New studies break down socioeconomic impact of Iowa casinos

Rhythm City Casino Resort in Davenport.

By Dar Danielson, Radio Iowa
Socioeconomic studies conducted for the Iowa Racing and Gaming Commission show some types of crimes do increase in casino communities — but overall those communities aren’t less safe.

Spectrum Gaming Group managing director, Michael Pollock, says you have to look very closely at the crime studies. “Crime is a universal concern, a universal question in every gaming market. And the reality is –we’ve been studying this for 40 years — casinos do not create street crime, do not do anything along those lines,” Pollock says.

Pollock says certain types of non-violent crimes– such as robberies and thefts — are higher in casino towns. He says that’s because there are more people and money there and opportunities for criminals.

“There’s going to always be some relationship, but it’s really a function of the number of people and the amount of money and the number of visitors. It doesn’t make a community unsafe,” he says. Pollock says other positive factors offset the impact.

“When you add employment, and you add capital investment, quite the opposite is true. The community becomes safer. When you say the crime rate increases, people think that makes that community less safe — and it’s not the case,” according to Pollock.

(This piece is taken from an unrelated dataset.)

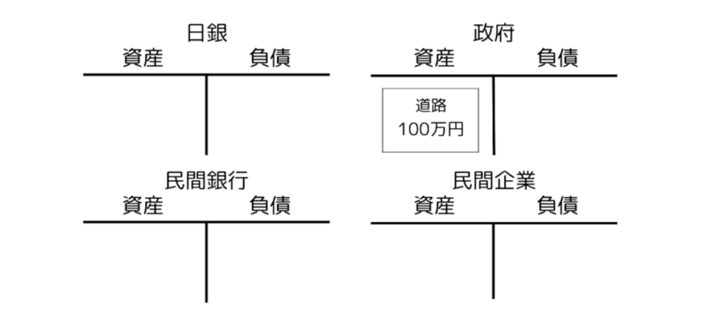 さて、ここで企業はこの100万円で家計に属する人を雇って、たとえば、車を生産することにしましょう。生産設備や素材はすでに揃っていることとします。これにより、民間企業の資産である100万円の銀行預金が労働の報酬、つまり賃金として家計に渡り、その代わりに民間企業は在庫資産として100万円の車を得ます。民間銀行に変化はありませんが、負債の銀行預金の名義は民間企業から家計に変わっています。

Pollock says their study shows similar things with other socioeconomic impacts such as divorce. “You may in certain instances and this is nothing particular about Iowa, it could be in any state. You may see a correlation and that does not equate to causation. In our 40 plus years in this industry, there is nothing in the nature of this industry that would cause divorce rates to go up, or child abuse or any of the other issues,” Pollock says.

He says you also have to look at the history of an area prior to the casino being there.
“The communities that seek to have a casino as an economic stimulus and very much want that economic stimulus, often have a lot of problems to begin with that they don’t have the resources to address. So, those problems may have been there, to begin with — that is essential to understanding what these numbers mean,” he says.

Pollock says there is an increase in problem gambling with casinos, but he says there are a lot of factors involved in that issue as well. He says the problem gambling rate remains very low in Iowa and the state ranks fourth for the amount of money put into its gambling treatment program.

You can see the full report on the Iowa Racing and Gaming Commission website.